What type of poetry is the road not taken




















In , feeling frustrated by his job prospects and a lack of traction in his poetry career, Frost moved his family to a farm left to him by his grandfather in Derry, New Hampshire. Frost would live there for nine years, and many of his most famous early poems were written before his morning chores while tending to the farm.

Consequently, Frost decided to sell the farm in and moved his family to London. Finally, after years of struggle, Frost became a famous poet essentially overnight. He received numerous awards and recognitions, including the Pulitzer Prize for poetry, and became the public face of 20th century American poetry. Late in life, at 86 years old, Robert Frost also became the first inaugural poet at John F.

Throughout his career, Frost never strayed far from old-fashioned, pastoral poetry, despite the fact that newer American poets moved in a more experimental direction. Frost and Thomas were fond of hiking together, and Thomas often had trouble making up his mind which trail they should follow.

Frost first read it to some college students who, to his surprise, thought it a very serious poem. Two roads diverged in a yellow wood, And sorry I could not travel both And be one traveler, long I stood And looked down one as far as I could To where it bent in the undergrowth;. Then took the other, as just as fair, And having perhaps the better claim, Because it was grassy and wanted wear; Though as for that the passing there Had worn them really about the same,.

And both that morning equally lay In leaves no step had trodden black. Oh, I kept the first for another day! Yet knowing how way leads on to way, I doubted if I should ever come back.

I shall be telling this with a sigh Somewhere ages and ages hence: Two roads diverged in a wood, and I— I took the one less traveled by, And that has made all the difference. Frost's most famous poem got its start as part of a letter sent to his best friend on the eve of World War I.

Frost and Thomas were great friends while Frost lived in England, both of them were well-read and very interested in nature. They frequently took long walks together , observing nature in the English countryside. He returned to the United States to avoid the war and fully expected Thomas to follow him. Thomas did not. Thomas, regretting his lack of achievement compared to his good friend Frost and feeling that the poem mocked his indecisiveness, decided to take initiative and fight for his country.

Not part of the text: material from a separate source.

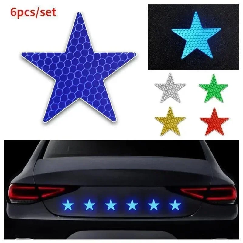 Enhance your vehicle's visibility and add a personalized touch with this set of six vibrant, star-shaped reflective stickers. Designed for practical safety and eye-catching decoration, these stickers are ideal for improving low-light visibility on cars, motorcycles, trucks, or outdoor gear. Made from durable, water-resistant PVC, they feature a glossy, honeycomb-textured reflective surface that amplifies light to make your vehicle stand out during nighttime. Their colorful finish in white, yellow, red, blue, green, silver, and gold ensures a lively appearance. Easy to apply on flat surfaces, these stickers combine safety and style effortlessly, making your vehicle or outdoor possessions more noticeable and personalized. Experience enhanced visibility and a charming aesthetic at once.

Unfortunately, Thomas was killed at the Battle of Arras on April 9, The poem has been republished thousands upon thousands of times and has inspired everything from self-help books to car commercials. But before we do, go back and reread the poem. Once you have that done, come back here Each decision we make sets us upon a path that we may not understand the importance of until much, much later. This theme is reflected throughout the poem.

But this is true for smaller, day-to-day decisions as well. Choosing who you spend time with, how hard you study, and what hobbies your pursue are examples of smaller choices that also shape your future, too. The speaker of the poem understands that. They stand at the crossroads of these two paths for a long time, contemplating their choice.

First, they stare down one path as far as he or she can, to where it trails off into the undergrowth. We see that in this stanza:. Just like in life, each path leads to another path, and then another.

This brings us to our first theme: how hindsight gives our choices power. However, the poem also suggests that while the choices we make are important, how we interpret these choices is what really makes us who we are.

There are four stressed syllables per line, varying on an iambic tetrameter base. This has got to be among the best-known, most-often-misunderstood poems on the planet. Several generations of careless readers have turned it into a piece of Hallmark happy-graduation-son, seize-the-future puffery. But you yourself can resurrect it from zombie-hood by reading it—not with imagination, even, but simply with accuracy.

These are the facts; we cannot justifiably ignore the reverberations they send through the easy aphorisms of the last two stanzas. One of the attractions of the poem is its archetypal dilemma, one that we instantly recognize because each of us encounters it innumerable times, both literally and figuratively.

Paths in the woods and forks in roads are ancient and deep-seated metaphors for the lifeline, its crises and decisions. Identical forks, in particular, symbolize for us the nexus of free will and fate: We are free to choose, but we do not really know beforehand what we are choosing between.

Our route is, thus, determined by an accretion of choice and chance, and it is impossible to separate the two. Teach your students to analyze literature like LitCharts does. Detailed explanations, analysis, and citation info for every important quote on LitCharts.

The original text plus a side-by-side modern translation of every Shakespeare play. Sign Up. Already have an account? Sign in. From the creators of SparkNotes, something better. Literature Poetry Lit Terms Shakescleare.

Download this LitChart! Question about this poem? Ask us. Cite This Page. Lines It gathers to a greatness, like the ooze of oil Crushed.